The first time I had complications, which involved a large infection on my face, I told co-workers an elaborate story that involved a spider bite while on vacation. I told this lie out of fear, to cover my greatest truth, a truth that was manifesting on my face, one I didn’t want to impact the career I was working hard to build. When I began to get sick, I lost nearly 25 pounds at a rapid speed and struggled to go far from a bathroom, the comments around my weight loss were covered with a gay pun: “being skinny for summer.”
And when I went on medication, I told only one person. She is now our COO, Erica Grau, and has known since the beginning, when the medicine was hard to adjust to and the mental strain was ever-worse. Like Erica, Deutsch, as an agency, was there from the beginning, my second home, a place I would learn to live and work with HIV, a place I would rely on for support they didn’t know they were giving. My planning director on Kodak and Novartis accounts would be one of the most influential people in my life. We traveled together, he saw me at my worst, supported me at my best, and is an advocate for me to this day. His name is Brent Vartan. He is straight, negative, but human. One morning, in the early days of taking medication, I was severely sick. As if it had been rehearsed, Brent and his counterpart, Sarah, helped guide a client meeting of 25 people while I struggled to keep from sweating in the back of the room. Brent, like so many others at Deutsch, handled each instance with care, tolerance and compassion. That’s the Deutsch I know.
Nothing illustrated this more than NYC AIDS Walk. As I have been gathering materials for some initiatives on December 1st, I came across the amount raised. It should be noted that my team ranked 9th and I ranked 14th out of 40,000 walkers, but mainly because of Deutsch. Nearly half of the $36,000 raised came from this agency. Dozens of people quietly gave money out of their own pockets. Beyond the money, the agency quietly but confidently supported my efforts on all fronts, creating the logo, designing all the fundraising signage, shirts and collateral on top of their heavy workloads, with my having to ask. Leading up to the night of my IMPACT Red fundraiser, the studio handled the work like a new business pitch, printing boarded signs, menus, raffle banners, and never once asking how many, how much or how long. They only asked, “How else can we help?” The proofreaders pitched in without being asked to correct or reprint. The team made sure every last detail was perfect.

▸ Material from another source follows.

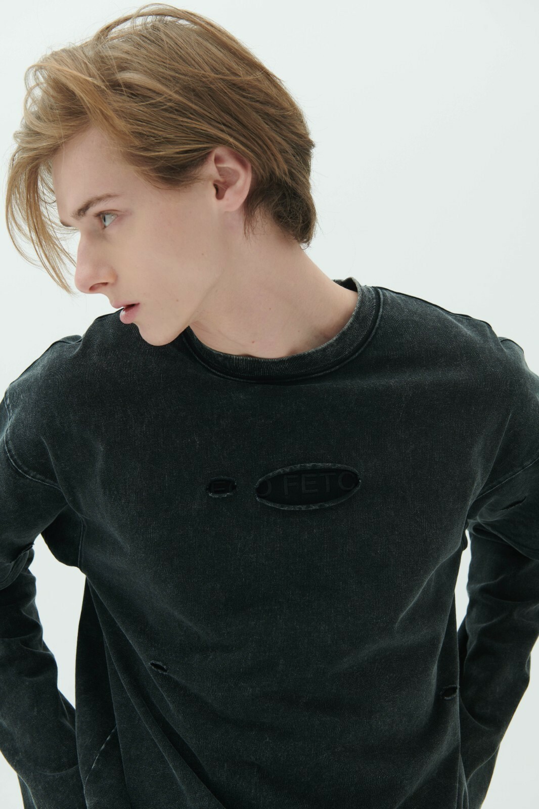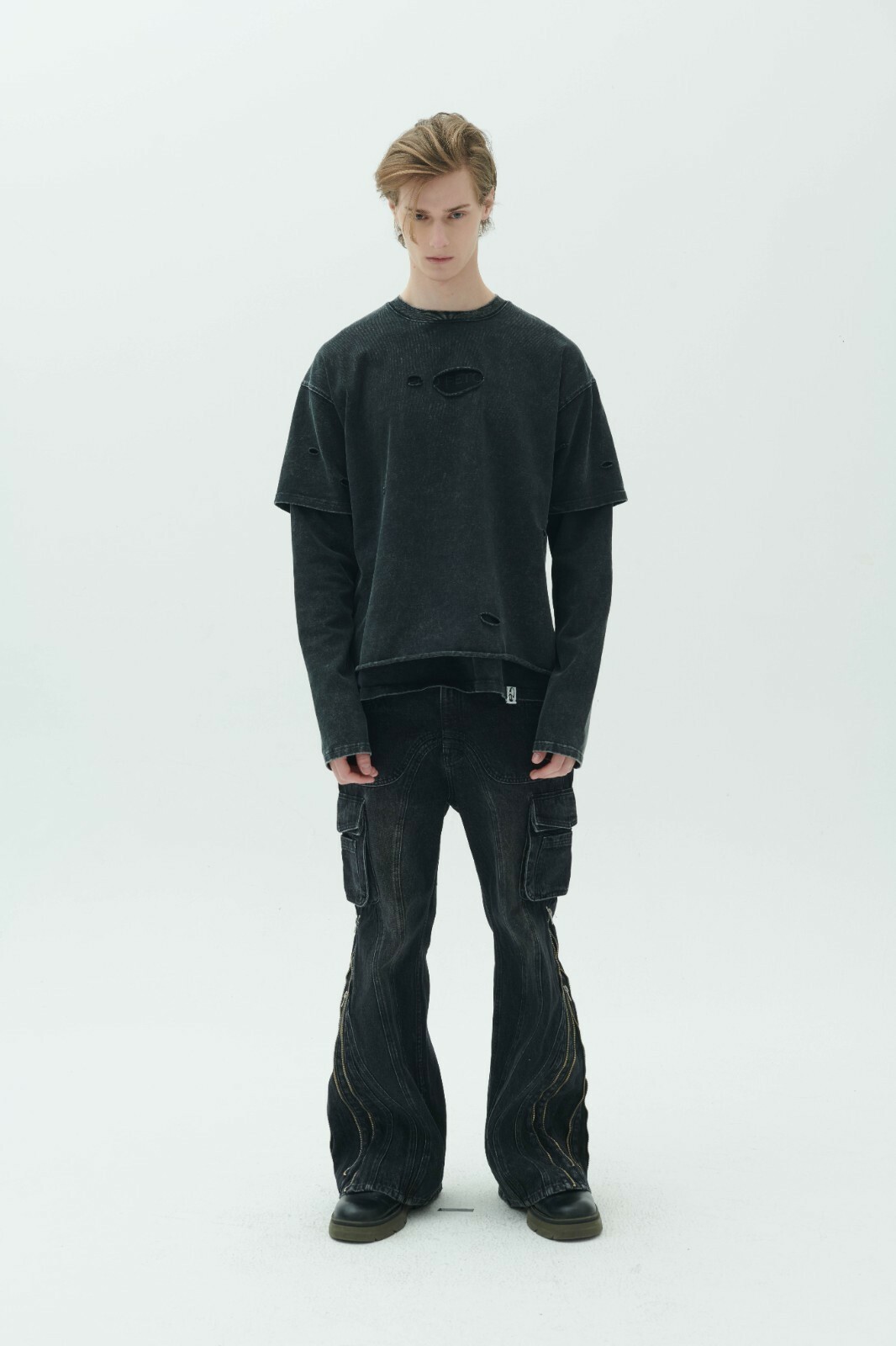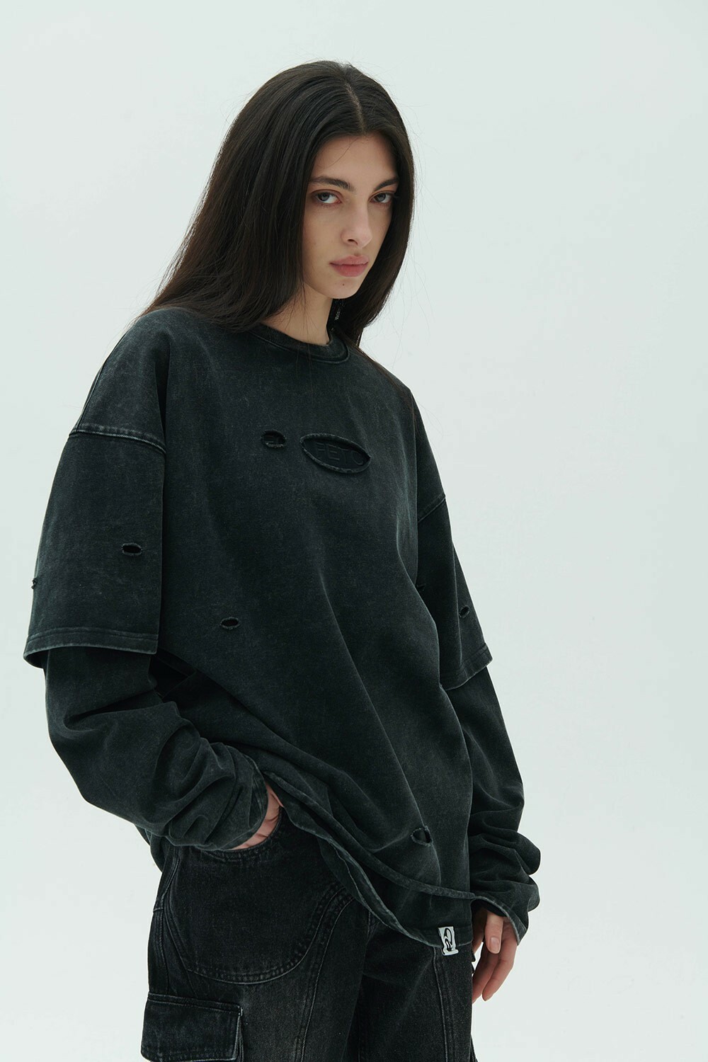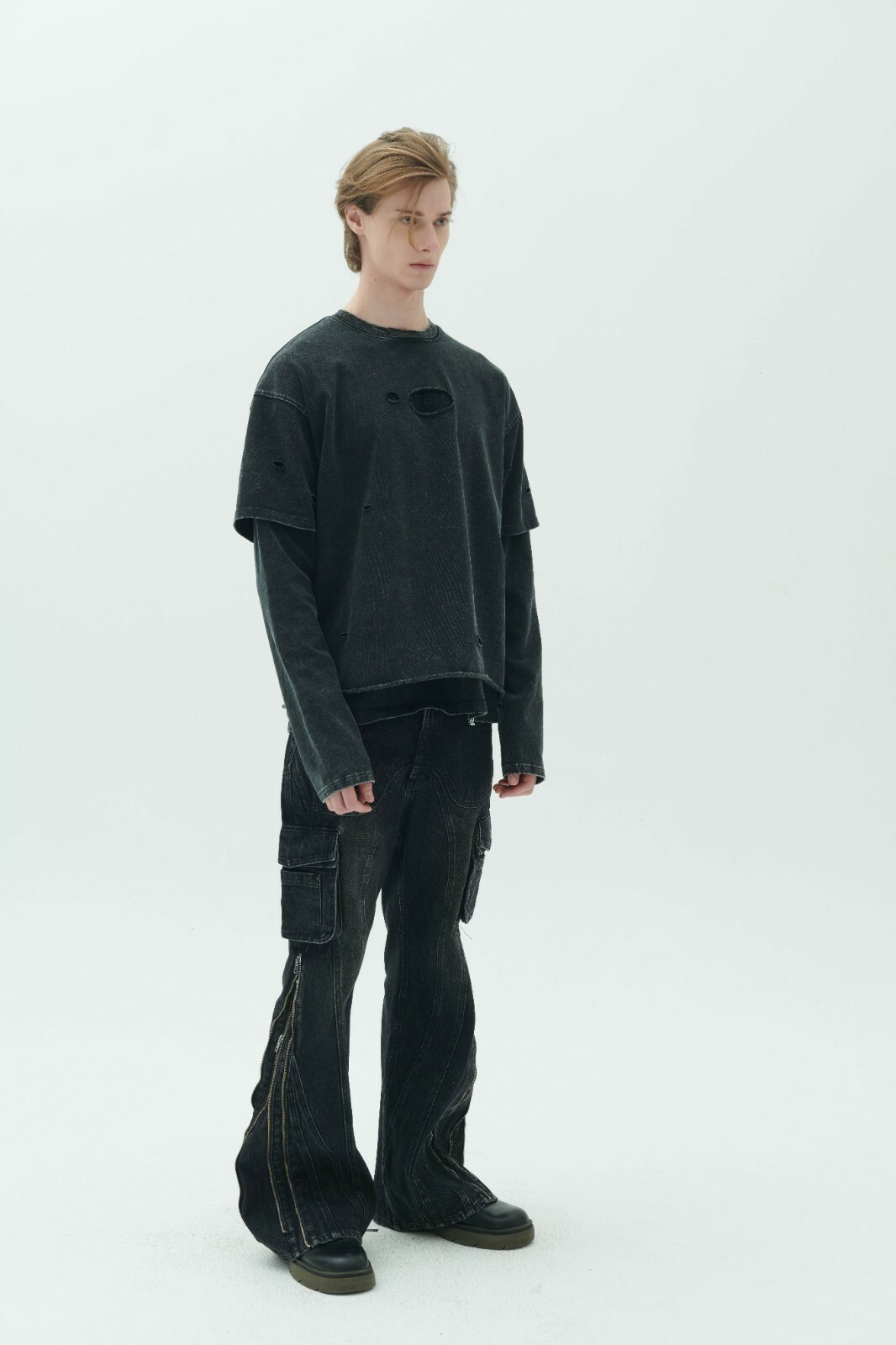EGO FETCH Destroyed Two-Piece Long Sleeve T-Shirt 黑色 假兩件式破洞長T EGO24SSTTE068

The night of my fundraiser, close to 20 Deutsch employees attended. Some I knew and some I didn’t. They bought raffle tickets, socializing with people they didn’t know, and proudly saying they worked at Deutsch. Bill Gray, former Ogilvy CEO whose daughter was in attendance, pulled me aside and said, “The support you have from Deutsch is astonishing. It’s like you really are a family.” Donny Deutsch’s reply would simply be: “I’m so fuckin’ proud.” That was the Deutsch he knows, the one he built.
This type of company doesn’t happen overnight. It is created by leadership. Donny, a staunch advocate for the LGBT community, CEO Linda Sawyer, and President Val DiFebo are walking examples of what every major company’s leadership should be: instilling tolerance, encouraging more than acceptance, and settling for nothing less than a place where anyone will feel supported.